» **What is being asked**
After dropping the pictures, give again exactly the lines of the data from its first line through the line with "La nueva sede", which is included as well.

» **Input for this task**

____________

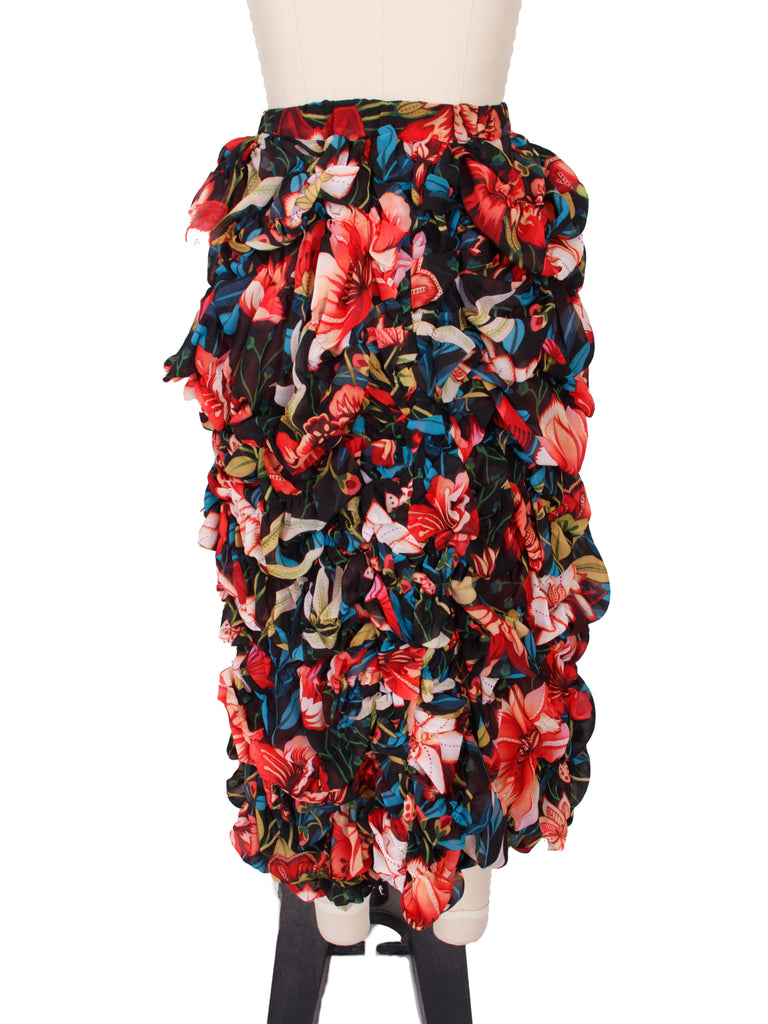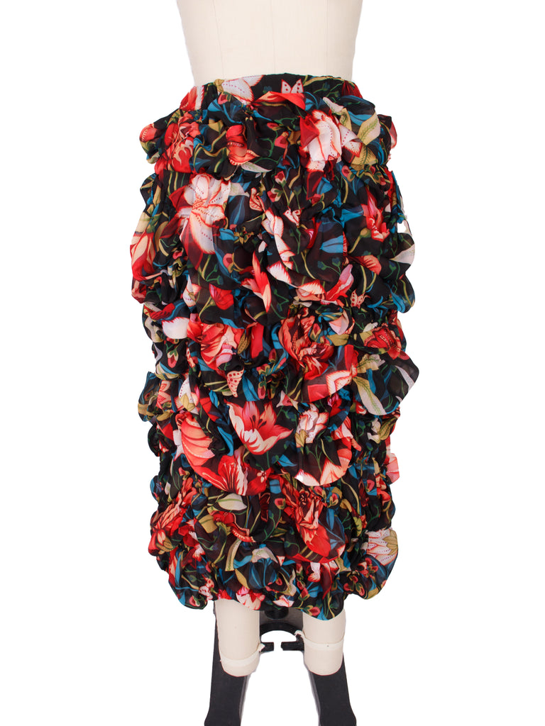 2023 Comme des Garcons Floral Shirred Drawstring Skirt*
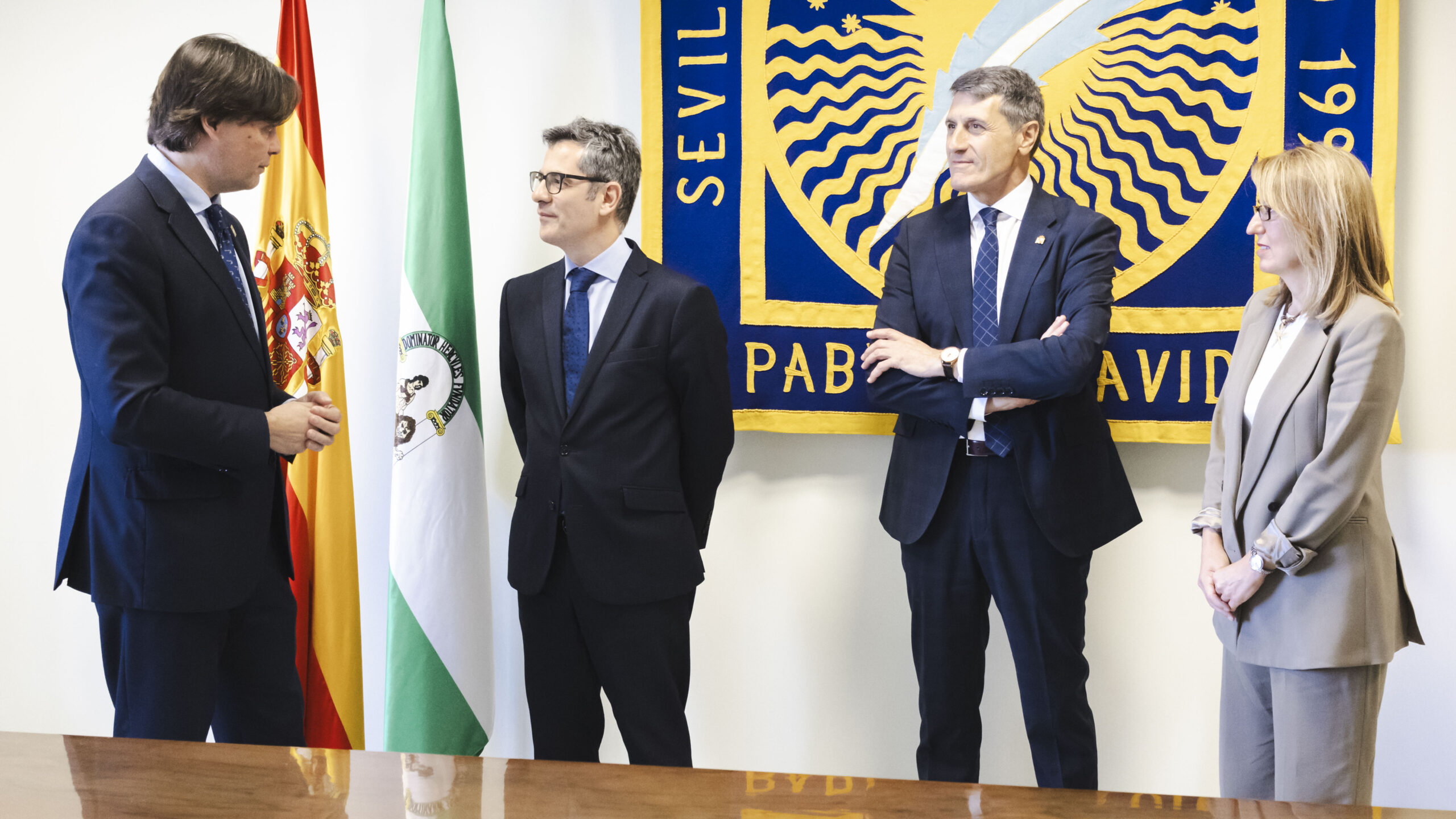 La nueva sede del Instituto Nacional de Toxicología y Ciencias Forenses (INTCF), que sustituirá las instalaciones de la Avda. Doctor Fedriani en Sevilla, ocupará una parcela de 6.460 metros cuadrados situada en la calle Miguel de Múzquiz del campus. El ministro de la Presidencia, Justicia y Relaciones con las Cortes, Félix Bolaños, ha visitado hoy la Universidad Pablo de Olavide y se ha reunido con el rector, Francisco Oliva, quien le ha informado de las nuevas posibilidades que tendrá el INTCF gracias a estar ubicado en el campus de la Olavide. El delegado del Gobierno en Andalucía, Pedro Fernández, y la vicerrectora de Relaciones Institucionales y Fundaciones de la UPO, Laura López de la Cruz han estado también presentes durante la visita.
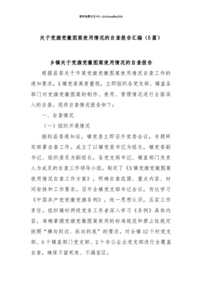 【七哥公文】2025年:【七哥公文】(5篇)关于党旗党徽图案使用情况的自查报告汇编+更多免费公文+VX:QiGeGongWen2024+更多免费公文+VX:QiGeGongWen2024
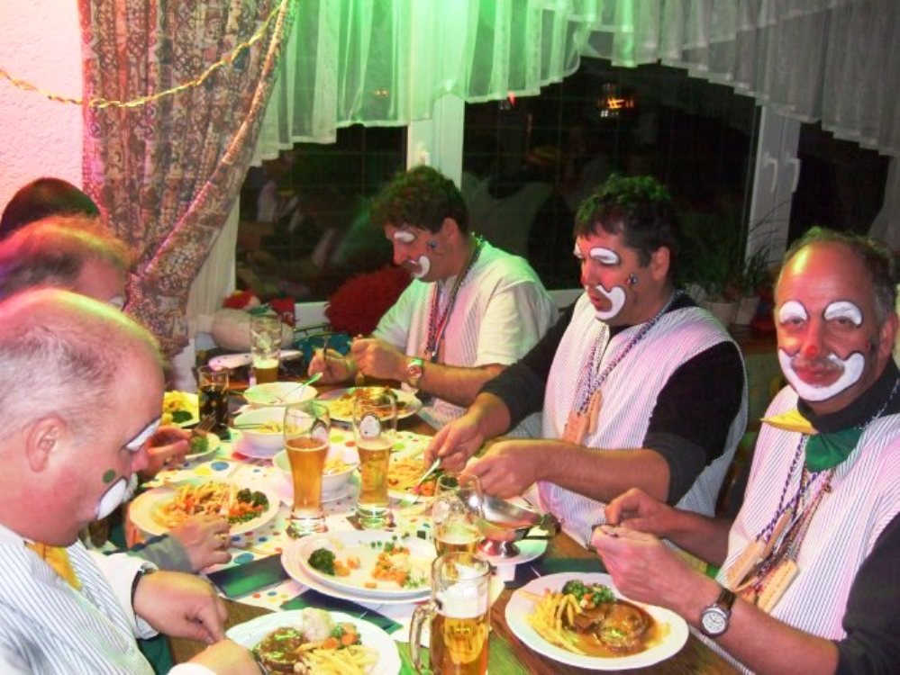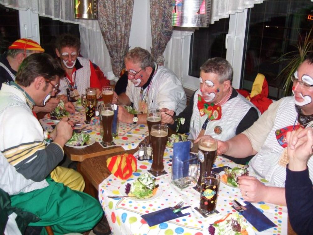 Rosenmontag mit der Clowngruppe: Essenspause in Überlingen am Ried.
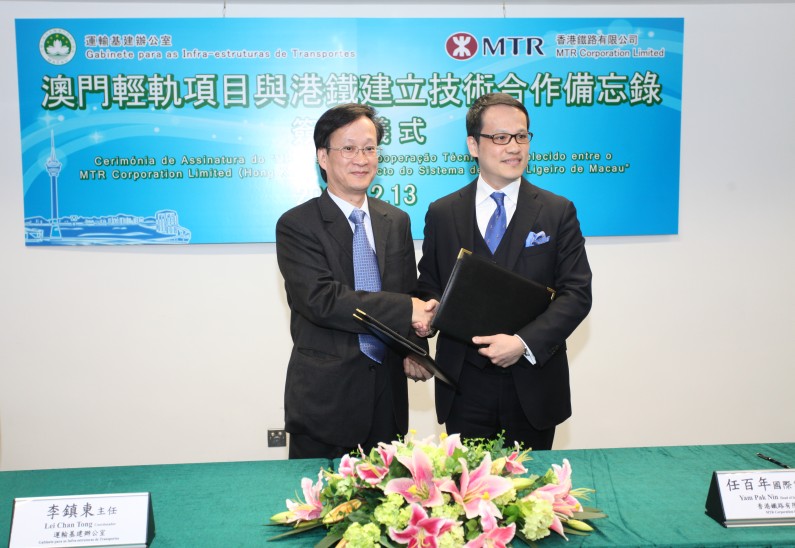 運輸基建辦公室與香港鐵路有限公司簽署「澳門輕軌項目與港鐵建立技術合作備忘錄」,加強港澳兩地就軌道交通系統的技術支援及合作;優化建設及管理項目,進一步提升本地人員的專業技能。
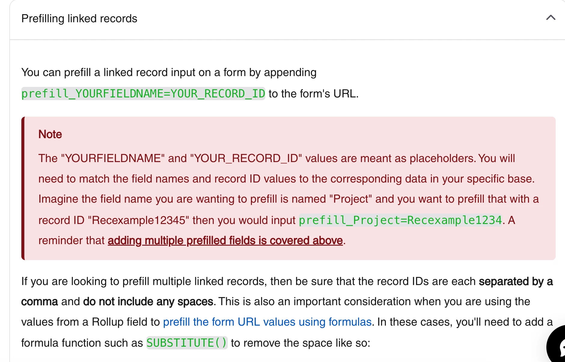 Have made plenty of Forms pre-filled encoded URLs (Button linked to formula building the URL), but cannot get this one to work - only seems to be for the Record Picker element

____________

» **Result below**
 2023 Comme des Garcons Floral Shirred Drawstring Skirt*
 La nueva sede del Instituto Nacional de Toxicología y Ciencias Forenses (INTCF), que sustituirá las instalaciones de la Avda. Doctor Fedriani en Sevilla, ocupará una parcela de 6.460 metros cuadrados situada en la calle Miguel de Múzquiz del campus. El ministro de la Presidencia, Justicia y Relaciones con las Cortes, Félix Bolaños, ha visitado hoy la Universidad Pablo de Olavide y se ha reunido con el rector, Francisco Oliva, quien le ha informado de las nuevas posibilidades que tendrá el INTCF gracias a estar ubicado en el campus de la Olavide. El delegado del Gobierno en Andalucía, Pedro Fernández, y la vicerrectora de Relaciones Institucionales y Fundaciones de la UPO, Laura López de la Cruz han estado también presentes durante la visita.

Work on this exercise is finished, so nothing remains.